LACK OF ADEQUATE INVESTMENT CAPITAL
Funds
that can be used to buy new information technologies and for modernizing
existing systems is generally in short supply. While there are a number of
modern banking applications in use, there is also integrated banking system, Nigeria has
continued to experience innovations in terms of product development
specifically, there has been tremendous improvement in the speed in which funds
are transferred within and outside the domestic economy (international money
transfer).
REDUCES EMPLOYMENT IN THE COUNTRY
Electronic
banking in the country today has reduced the rate of employments in the country
whereby most works that should be done by human are done by machines thereby
lead to minimum rate of employment and high rate of unemployment in the
country.
HIGH CHARGES ON MACHINES
The
rate of commission or charges imposed by banks is too high thereby discouraging
customers from using the electronic machine for exchange of transactions
example of such charges are chaques on withdraw ATMs and online transfer from
one bank branch to another.
LOW PUBLIC ACCEPTANCE
Customers
and public do not have trust in the machine in the sense that fraudulent
personals uses the system in carryout fraudulent activities, even today banks
uses the machine in looting customers money from their accounts. Some customer
complains that sometimes when they go for withdraw with their ATM the machine
will seize the card while their account will still be debited with un withdraw
sum in course of ratification of this problem, the customer might be
discouraged because it will take a longer time or end up unsolved.
INSECURITIES IN BANKS
Most
electronic machines today are not secure thereby making it easier for
fraudulent personnel to carryout their fraudulent activities without been
caught. Due to insecurity, banks cannot prevent stop or dictate any fraudulent
activity. Computer hackers also use the system in stealing data or information
by breaking of codes.
ENCOURAGES EXCESSIVE WITHDRAWAL
Un-operational
days like Saturdays when banks are not in operation customers can go and
withdraw with their ATM cards, especially when there is a function like weeding
ceremonies, customers with little or no money can rush to a nearby ATM machine
to withdraw money for excessive spending, customers complained about this in an
interview conducted by banks.
2.6 POSITIVE
IMPACT OF ELECTRONIC BANKING IN NIGERIA
Speedup Settlement of
Transaction:
Electronic banking speedup settlement of transaction either national or
international level where the bank stand as paying bank to the customers for
settlement of transaction or debt and collection bank for the collection of
payment on transaction made.
Reduces the Rate at Which Customers Visit Banks: The introduction of this
system has bridge the gap between customer and his bank, where the customer can
easily go any branch bank close to him and withdraw money from the ATM’s
machine through the help of the inter bank-switch and also safes time energy
and reduces stress of the customer. Also customers can make or carryout
transaction while at home with the use of telephone.
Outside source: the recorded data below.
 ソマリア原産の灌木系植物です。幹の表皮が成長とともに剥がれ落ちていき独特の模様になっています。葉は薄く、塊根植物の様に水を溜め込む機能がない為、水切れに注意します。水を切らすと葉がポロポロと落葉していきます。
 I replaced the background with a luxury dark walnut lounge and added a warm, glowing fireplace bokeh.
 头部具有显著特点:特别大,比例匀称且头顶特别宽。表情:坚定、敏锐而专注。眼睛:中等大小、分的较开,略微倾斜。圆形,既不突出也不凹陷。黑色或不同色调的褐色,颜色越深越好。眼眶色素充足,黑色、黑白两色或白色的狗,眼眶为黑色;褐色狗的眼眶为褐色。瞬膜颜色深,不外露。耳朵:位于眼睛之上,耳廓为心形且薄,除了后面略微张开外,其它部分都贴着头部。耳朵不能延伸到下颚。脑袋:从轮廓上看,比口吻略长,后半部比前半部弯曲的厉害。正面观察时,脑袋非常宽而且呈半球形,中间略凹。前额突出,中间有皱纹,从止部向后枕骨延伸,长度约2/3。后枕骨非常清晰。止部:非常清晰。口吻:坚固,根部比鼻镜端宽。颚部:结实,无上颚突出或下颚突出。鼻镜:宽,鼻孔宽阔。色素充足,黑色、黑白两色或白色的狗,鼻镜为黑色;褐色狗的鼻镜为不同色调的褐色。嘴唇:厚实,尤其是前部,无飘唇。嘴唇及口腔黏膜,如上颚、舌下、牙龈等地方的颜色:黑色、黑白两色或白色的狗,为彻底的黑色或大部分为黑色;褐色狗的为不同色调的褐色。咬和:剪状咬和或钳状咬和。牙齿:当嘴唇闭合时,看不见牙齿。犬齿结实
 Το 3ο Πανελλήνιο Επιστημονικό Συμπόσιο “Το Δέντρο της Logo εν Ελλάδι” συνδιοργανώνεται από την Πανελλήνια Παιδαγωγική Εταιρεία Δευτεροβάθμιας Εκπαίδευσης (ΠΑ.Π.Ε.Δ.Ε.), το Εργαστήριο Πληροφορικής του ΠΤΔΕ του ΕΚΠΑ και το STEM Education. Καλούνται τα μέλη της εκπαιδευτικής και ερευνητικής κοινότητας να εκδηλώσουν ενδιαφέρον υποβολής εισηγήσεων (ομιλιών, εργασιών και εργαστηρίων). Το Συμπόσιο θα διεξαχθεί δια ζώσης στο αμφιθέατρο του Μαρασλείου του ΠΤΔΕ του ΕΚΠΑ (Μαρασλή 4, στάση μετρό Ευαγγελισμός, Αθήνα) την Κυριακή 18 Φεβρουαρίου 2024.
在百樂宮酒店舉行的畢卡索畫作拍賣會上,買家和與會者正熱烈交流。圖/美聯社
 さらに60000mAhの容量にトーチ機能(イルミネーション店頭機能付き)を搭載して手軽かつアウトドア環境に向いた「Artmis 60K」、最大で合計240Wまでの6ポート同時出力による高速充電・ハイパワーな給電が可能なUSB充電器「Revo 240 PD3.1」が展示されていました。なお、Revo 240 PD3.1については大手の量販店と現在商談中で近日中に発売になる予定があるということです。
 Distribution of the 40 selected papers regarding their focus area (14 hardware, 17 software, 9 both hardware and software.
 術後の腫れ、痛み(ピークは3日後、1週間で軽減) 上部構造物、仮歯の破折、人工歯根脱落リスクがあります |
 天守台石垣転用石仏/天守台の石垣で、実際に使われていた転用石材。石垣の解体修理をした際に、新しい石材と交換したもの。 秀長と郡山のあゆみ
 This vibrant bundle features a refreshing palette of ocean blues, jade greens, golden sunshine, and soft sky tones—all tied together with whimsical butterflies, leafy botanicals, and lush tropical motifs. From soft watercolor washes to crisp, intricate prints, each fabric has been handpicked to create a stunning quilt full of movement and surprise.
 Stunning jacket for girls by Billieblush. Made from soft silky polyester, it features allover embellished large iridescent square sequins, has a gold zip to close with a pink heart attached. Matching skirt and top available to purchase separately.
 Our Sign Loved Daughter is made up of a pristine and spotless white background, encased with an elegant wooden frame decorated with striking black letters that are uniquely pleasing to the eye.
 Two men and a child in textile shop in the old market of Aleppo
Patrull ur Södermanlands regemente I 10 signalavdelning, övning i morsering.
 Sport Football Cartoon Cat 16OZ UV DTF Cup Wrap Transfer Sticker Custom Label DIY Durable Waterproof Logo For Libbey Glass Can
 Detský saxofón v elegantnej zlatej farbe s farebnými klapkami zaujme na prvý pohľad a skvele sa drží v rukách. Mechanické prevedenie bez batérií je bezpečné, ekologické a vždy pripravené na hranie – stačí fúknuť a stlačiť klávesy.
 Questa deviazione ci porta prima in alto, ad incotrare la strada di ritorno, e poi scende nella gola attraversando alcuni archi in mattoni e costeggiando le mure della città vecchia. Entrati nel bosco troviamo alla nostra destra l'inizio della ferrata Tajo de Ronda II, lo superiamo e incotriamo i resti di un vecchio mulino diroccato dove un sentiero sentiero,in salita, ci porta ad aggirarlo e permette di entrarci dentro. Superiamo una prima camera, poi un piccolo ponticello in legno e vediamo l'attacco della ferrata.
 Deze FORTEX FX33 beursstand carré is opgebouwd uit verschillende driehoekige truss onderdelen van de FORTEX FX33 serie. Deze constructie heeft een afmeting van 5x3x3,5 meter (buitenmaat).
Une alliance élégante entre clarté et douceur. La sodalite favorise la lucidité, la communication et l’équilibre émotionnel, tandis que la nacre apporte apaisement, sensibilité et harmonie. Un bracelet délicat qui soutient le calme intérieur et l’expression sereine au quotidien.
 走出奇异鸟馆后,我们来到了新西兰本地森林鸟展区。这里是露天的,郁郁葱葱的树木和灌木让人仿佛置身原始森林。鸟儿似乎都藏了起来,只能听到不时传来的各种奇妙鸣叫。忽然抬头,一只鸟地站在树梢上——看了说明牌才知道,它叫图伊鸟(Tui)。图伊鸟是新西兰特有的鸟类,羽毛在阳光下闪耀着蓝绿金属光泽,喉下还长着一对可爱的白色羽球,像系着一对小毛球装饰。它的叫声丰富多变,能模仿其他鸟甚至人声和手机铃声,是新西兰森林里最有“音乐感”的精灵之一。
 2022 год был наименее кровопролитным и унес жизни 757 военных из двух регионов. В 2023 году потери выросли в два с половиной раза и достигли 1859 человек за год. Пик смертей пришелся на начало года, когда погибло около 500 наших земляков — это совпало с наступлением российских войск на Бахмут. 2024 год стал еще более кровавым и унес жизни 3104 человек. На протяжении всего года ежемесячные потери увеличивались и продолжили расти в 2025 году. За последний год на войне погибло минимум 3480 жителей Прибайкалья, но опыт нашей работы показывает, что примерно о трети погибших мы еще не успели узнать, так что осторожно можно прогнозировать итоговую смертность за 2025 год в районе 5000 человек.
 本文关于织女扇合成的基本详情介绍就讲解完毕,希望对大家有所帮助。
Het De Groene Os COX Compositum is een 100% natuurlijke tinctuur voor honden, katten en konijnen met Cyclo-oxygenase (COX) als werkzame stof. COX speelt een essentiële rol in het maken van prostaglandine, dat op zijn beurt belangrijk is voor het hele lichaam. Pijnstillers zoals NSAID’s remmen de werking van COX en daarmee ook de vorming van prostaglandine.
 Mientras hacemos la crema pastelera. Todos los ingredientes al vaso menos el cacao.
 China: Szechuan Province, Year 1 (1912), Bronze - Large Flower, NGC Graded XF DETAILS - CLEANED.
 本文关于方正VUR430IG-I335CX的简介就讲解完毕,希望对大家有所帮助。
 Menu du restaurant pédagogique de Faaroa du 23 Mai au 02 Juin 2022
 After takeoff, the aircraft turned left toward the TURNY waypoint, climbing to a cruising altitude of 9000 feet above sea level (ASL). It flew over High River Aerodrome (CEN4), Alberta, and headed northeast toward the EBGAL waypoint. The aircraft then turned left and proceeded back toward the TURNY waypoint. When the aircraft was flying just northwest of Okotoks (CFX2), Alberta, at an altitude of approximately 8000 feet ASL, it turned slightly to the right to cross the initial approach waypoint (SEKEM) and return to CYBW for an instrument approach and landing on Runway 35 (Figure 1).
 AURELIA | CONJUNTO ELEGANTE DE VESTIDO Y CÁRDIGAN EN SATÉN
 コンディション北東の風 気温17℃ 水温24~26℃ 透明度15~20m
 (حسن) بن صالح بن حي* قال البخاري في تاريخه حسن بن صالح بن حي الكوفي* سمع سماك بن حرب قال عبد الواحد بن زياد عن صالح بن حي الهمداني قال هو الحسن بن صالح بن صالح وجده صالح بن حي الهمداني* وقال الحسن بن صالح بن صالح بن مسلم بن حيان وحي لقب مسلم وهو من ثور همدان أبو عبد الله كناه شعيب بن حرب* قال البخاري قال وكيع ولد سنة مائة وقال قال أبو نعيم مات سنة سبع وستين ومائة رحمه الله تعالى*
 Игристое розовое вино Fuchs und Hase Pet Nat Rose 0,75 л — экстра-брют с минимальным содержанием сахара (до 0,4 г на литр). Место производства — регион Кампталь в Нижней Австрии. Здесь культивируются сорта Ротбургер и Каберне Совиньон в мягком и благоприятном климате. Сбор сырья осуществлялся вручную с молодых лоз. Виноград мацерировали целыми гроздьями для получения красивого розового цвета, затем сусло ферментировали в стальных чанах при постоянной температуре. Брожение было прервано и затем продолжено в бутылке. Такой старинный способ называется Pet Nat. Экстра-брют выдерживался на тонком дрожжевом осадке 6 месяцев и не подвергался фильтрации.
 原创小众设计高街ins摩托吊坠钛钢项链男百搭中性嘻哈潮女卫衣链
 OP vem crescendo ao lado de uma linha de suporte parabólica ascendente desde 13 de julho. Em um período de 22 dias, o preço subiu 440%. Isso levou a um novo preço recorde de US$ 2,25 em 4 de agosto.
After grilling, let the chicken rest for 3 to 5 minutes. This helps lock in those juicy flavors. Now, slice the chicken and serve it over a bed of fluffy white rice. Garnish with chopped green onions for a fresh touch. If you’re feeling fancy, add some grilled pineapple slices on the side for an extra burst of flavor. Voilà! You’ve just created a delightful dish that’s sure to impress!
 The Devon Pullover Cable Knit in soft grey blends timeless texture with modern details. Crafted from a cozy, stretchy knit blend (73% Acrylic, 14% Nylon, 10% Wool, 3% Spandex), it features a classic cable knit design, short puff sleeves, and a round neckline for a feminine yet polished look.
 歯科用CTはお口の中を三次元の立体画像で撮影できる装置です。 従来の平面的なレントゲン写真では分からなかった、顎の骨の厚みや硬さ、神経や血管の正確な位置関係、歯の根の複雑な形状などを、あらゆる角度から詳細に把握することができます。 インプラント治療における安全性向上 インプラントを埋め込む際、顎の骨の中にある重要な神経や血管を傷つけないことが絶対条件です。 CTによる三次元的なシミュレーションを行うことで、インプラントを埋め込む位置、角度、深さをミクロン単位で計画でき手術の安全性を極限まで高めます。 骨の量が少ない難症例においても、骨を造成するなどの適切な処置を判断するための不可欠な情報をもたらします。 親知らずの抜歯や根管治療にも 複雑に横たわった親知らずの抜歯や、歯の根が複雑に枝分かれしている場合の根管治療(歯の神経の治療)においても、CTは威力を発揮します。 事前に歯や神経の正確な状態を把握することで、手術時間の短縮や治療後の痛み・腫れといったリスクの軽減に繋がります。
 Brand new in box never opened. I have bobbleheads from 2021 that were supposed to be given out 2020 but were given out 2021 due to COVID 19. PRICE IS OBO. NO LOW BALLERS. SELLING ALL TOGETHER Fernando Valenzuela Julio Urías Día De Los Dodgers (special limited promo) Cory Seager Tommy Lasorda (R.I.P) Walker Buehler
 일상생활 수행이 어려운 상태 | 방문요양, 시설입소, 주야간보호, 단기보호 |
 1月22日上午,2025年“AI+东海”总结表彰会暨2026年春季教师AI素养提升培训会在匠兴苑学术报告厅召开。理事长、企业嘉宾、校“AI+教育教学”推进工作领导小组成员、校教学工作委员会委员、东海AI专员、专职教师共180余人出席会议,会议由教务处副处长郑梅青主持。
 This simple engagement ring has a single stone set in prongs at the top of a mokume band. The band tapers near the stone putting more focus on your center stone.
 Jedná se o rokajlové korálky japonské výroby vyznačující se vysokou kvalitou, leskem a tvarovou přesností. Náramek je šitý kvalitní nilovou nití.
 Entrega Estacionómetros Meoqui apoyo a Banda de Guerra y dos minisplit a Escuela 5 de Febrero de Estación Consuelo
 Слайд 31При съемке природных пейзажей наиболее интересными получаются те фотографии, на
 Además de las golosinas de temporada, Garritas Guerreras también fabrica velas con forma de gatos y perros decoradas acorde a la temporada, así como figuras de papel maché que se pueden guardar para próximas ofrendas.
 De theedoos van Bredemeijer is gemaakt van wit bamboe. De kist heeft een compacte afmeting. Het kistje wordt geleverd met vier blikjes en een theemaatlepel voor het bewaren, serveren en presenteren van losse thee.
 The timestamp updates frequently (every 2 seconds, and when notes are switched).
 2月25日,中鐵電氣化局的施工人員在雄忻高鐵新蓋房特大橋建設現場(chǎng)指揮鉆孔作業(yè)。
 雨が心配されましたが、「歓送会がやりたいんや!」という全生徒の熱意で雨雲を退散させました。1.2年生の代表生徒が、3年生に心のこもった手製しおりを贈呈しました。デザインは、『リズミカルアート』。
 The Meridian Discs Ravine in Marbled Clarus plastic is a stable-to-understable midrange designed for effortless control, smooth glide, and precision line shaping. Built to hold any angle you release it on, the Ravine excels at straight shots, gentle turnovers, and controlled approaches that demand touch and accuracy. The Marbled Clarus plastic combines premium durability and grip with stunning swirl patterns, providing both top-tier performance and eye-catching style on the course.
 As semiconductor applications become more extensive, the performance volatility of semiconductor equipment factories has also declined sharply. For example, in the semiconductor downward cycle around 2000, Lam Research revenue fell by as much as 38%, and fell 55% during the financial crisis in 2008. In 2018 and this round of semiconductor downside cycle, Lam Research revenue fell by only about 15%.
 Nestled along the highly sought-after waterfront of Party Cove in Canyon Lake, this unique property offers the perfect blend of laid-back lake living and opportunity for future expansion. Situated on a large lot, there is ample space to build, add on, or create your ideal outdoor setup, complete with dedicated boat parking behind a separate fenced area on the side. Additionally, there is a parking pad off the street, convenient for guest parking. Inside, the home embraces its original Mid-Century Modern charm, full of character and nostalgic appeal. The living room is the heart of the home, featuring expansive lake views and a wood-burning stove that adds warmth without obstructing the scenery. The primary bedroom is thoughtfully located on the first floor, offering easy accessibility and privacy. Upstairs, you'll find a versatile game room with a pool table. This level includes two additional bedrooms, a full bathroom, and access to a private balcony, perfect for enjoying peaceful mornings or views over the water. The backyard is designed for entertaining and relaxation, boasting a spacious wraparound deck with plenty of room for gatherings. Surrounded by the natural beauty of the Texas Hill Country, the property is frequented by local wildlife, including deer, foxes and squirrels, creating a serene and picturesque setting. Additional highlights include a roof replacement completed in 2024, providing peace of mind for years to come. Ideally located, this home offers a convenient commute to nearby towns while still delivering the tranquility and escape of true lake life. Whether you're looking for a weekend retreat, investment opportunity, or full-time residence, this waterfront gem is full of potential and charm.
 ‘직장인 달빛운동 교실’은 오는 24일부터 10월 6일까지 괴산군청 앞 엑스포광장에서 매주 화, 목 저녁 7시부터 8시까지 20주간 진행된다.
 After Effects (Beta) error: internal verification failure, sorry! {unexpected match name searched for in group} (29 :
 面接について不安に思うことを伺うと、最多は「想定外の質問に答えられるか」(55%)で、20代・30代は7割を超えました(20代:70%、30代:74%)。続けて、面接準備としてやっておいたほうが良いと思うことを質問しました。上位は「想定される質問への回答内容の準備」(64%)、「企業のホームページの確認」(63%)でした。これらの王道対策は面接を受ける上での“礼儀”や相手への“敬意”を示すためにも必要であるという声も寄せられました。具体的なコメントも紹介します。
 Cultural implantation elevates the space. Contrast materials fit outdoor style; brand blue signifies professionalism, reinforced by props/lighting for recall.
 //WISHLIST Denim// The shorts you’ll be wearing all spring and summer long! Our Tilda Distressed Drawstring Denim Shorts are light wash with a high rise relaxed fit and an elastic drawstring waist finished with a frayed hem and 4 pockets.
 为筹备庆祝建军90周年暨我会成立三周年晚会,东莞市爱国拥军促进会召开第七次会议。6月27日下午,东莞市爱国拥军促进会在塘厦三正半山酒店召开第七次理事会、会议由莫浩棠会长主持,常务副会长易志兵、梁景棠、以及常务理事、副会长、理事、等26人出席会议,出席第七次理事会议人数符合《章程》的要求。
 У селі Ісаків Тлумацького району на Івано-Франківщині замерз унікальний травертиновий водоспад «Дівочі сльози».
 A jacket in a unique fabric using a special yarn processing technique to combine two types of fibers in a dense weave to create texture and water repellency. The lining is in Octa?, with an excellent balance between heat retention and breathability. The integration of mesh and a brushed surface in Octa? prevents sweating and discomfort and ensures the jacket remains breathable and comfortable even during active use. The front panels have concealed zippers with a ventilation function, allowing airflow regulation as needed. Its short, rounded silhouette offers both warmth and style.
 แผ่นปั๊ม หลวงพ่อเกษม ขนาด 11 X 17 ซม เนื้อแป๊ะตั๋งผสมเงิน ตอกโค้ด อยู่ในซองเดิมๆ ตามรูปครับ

Move into a Cashless Society: The introduction of the
electronic machine has reduced the use of raw cash thereby moving the country
into a cashless economy. As stipulated
by Anyanwaokoro M. (1997), that the settlement of financial obligations are now
done by the use of electronic gadgets such as computer, facsimile and telex,
instead of currency notes and coins. He went on to say that individuals can pay
their bills by using credit cards or even pressing some buttons that transfer
money from one account to another. The perfection of this system is what he
described as a move into cashless society.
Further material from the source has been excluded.